Los minutos se arrastraban como si fueran horas. Justo cuando empezaba a pensar que todo estaba bajo control, un grito despavorido resonó a través de las paredes, congelándome la sangre. Eran alaridos de desesperación... era la voz de Alondra.
—¿Dónde estoy? ¡Déjenme salir de aquí! ¡Por favor! —Los gritos de Alondra eran tan desgarradores que no pude contenerme. Me levanté de un salto y corrí hacia su habitación, ignorando los intentos de las enfermeras por detenerme.
—¿Qué está pasando, doctor? —pregunté, entrando apresuradamente en la habitación.
—Señor, debe salir, su reacción es normal después de haber despertado de un coma por tanto tiempo ¡salga! —Lo mire lleno de furia y aprete los puños.
—No me iré. Será mejor que logre que se recupere, o tendrá que lidiar conmigo.
Tras unos minutos de tensión, lograron estabilizarla, y volví a su lado. Aunque para ella no era más que un desconocido, me negué a apartarme. Estaba completamente perdida, sin control sobre sus emociones, mientras el sedante comenzaba a surtir efecto, por poco y se hace daño a sí misma.
Me senté junto a ella, observando cómo sus párpados se cerraban lentamente. Tuve que esperar de nuevo, pero esta vez no fue tanto. Cuarenta minutos después, más calmada, abrió los ojos con lentitud y giró la cabeza, todavía confundida. Cuando nuestros ojos se cruzaron, su expresión se volvió más confusa, como si no supiera dónde estaba.

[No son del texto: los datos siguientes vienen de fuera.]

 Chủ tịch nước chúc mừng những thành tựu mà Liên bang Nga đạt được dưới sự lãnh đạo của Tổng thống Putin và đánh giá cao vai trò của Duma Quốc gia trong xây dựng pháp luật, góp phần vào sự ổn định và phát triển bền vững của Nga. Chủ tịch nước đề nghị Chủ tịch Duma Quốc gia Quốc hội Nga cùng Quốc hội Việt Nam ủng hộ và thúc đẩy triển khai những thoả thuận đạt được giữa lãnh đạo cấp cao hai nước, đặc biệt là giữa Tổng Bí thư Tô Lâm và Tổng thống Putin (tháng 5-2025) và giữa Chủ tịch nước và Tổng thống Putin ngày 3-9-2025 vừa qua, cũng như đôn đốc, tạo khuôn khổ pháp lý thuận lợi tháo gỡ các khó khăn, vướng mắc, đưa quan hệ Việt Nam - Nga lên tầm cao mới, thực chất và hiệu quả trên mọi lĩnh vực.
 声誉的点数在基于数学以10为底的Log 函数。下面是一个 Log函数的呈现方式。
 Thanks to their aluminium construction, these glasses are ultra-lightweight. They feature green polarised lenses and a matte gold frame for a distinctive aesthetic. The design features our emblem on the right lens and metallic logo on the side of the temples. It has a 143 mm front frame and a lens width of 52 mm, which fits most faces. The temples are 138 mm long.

—Alondra... ¿me escuchas? —me acerqué y le pregunté en voz baja. Al verme, su rostro se puso pálido, y la sorpresa en sus ojos fue evidente, como si estuviera viendo un fantasma.

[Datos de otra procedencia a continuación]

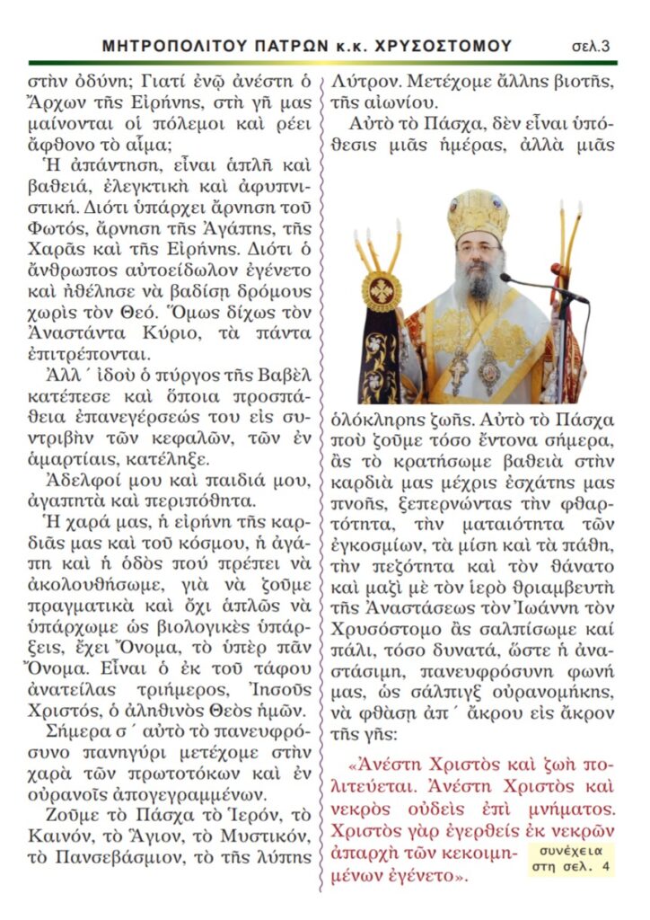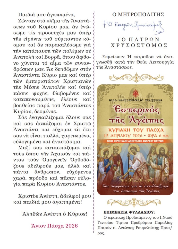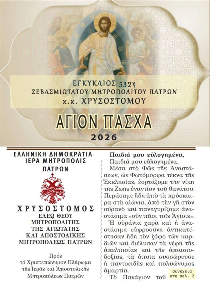 Εγκύκλιος 532η Σεβασμιωτάτου Μητροπολίτου Πατρών κ.κ. Χρυσοστόμου- ΑΓΙΟΝ ΠΑΣΧΑ 2026
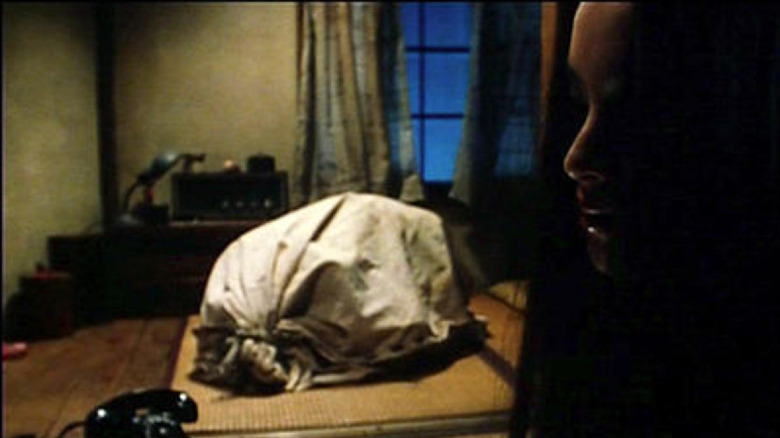 The moment is simple: a man, Aoyama, struggles to decide whether or not he should call a woman back. After a few rings, it's revealed that her apartment is bare except for a phone and a massive sack. The young woman, Asami, has been waiting four days for his call. Her creeping grin heightens the dread, but it kicks into full gear just seconds later, when the bag suddenly lurches towards the edge of the frame and it's apparent that Asami has been keeping something big and alive in the bag — and it only gets freakier when the contents are revealed.
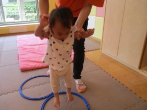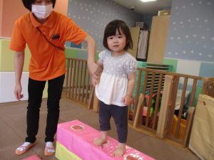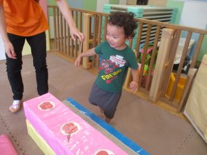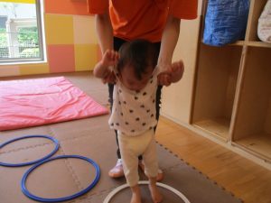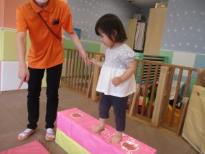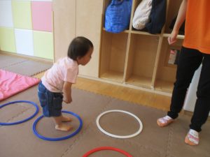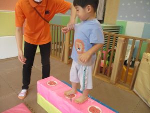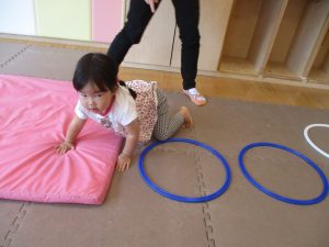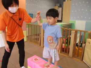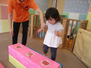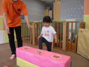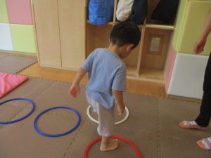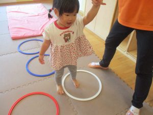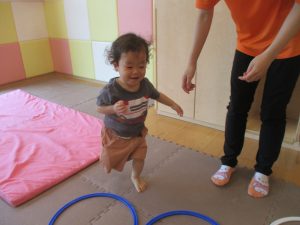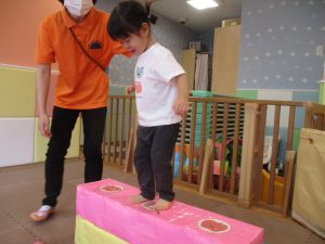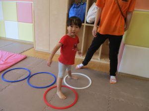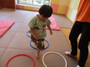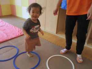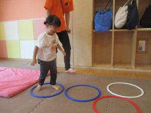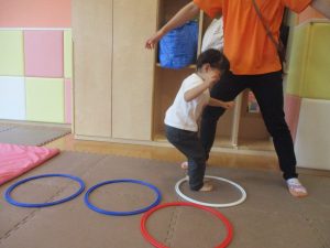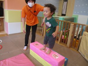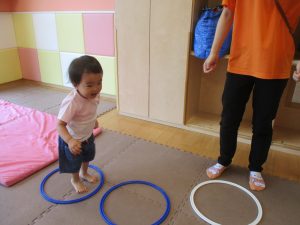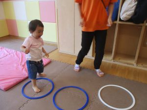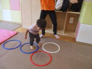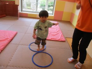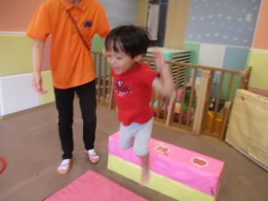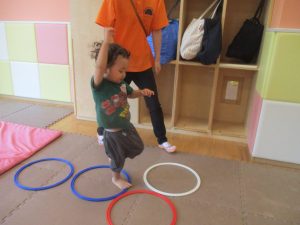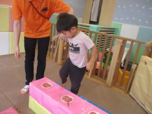 マットやボールを使った活動にも継続的に取り組みつつ、「ジャンプ」は、フープや縄、手作り積み木などの障害物を越える様々な物にもチャレンジ中でございます☆

¿Por qué reaccionaba de esa manera? Si ni siquiera me conocía.
—¿Quién es usted? ¿Qué está haciendo aquí? ¿En donde estoy? —Preguntó mirando a todos lados, y también observándome a mi de arriba abajo.
—Alondra, ¿podemos hablar?
—¿De dónde lo conozco? —su voz era vacilante—. Lo he visto antes... usted es... —Alondra fruncía el ceño, esforzándose por recordar de dónde le resultaba familiar. Mientras que yo sí sabía perfectamente quién era ella: la mujer que vi salir del consultorio la última vez que estuve en la clínica de fertilidad, aunque no estaba seguro de si ella me reconocía.
Su respiración se volvió irregular, y sin pensarlo, tomé su mano, acariciándola suavemente en un intento por tranquilizarla, aun sabiendo que para ella no era más que un desconocido.
—Roxanne, por favor, calma... respira.
—Pero... dígame, ¿qué hace aquí? —insistió, con la inquietud reflejada en sus ojos.